Draco stood very still, not quite believing in his own continued existence.

Then Hermione's legs gave out and he went down with her, and they were both on the ground — not quite collapsed, not quite sitting, somewhere in between — and she was still holding on and he was still holding on and neither of them could seem to manage anything else.

"It's gone," he said, when he found his voice. "Hermione, it's alright. It's gone."

"Draco—" She pressed her face into his shoulder, her teeth chattering. "It was so close — it was so—"

"I know." He was shaking. He could feel it in his hands. He pressed them carefully to her back anyway, trying to steady her. "I know. You're safe. It's gone."

She was clinging to him the way someone does when they are making absolutely certain the other person is real and present and alive. His ribs were taking some strain. He didn't care at all.

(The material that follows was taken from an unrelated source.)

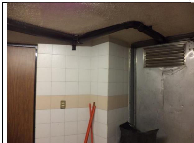
Sustitución de las tuberías de descarga y arreglo hidráulico

The fear was still working its way out of him — the particular species of terror that lives in a moment you think might be the last one — and underneath it, something completely different was becoming very clear.

She was alive and in his arms and shaking.

He was alive and holding her and also shaking.

Since she had come to him and not elsewhere.

Since an embrace, even here, in the cold dark at the edge of the Forbidden Forest, was enough to make the fear bearable.

*What exactly is Draco Malfoy still waiting for?*

He had spent three years telling himself to keep his distance. Keeping his distance. Retreating at the first sign that he might want more than he was entitled to. Convincing himself that she was safer without him, that his feelings were an imposition, that wanting her was just another way of hurting her.

For the first time, with clarity so complete it almost hurt, Draco Malfoy stopped retreating.

He held her closer. Properly. Without reservation and without apology.

She tucked in, her fingers curled in the back of his shirt, her breathing slowly evening out against his neck.

He closed his eyes and did not let go.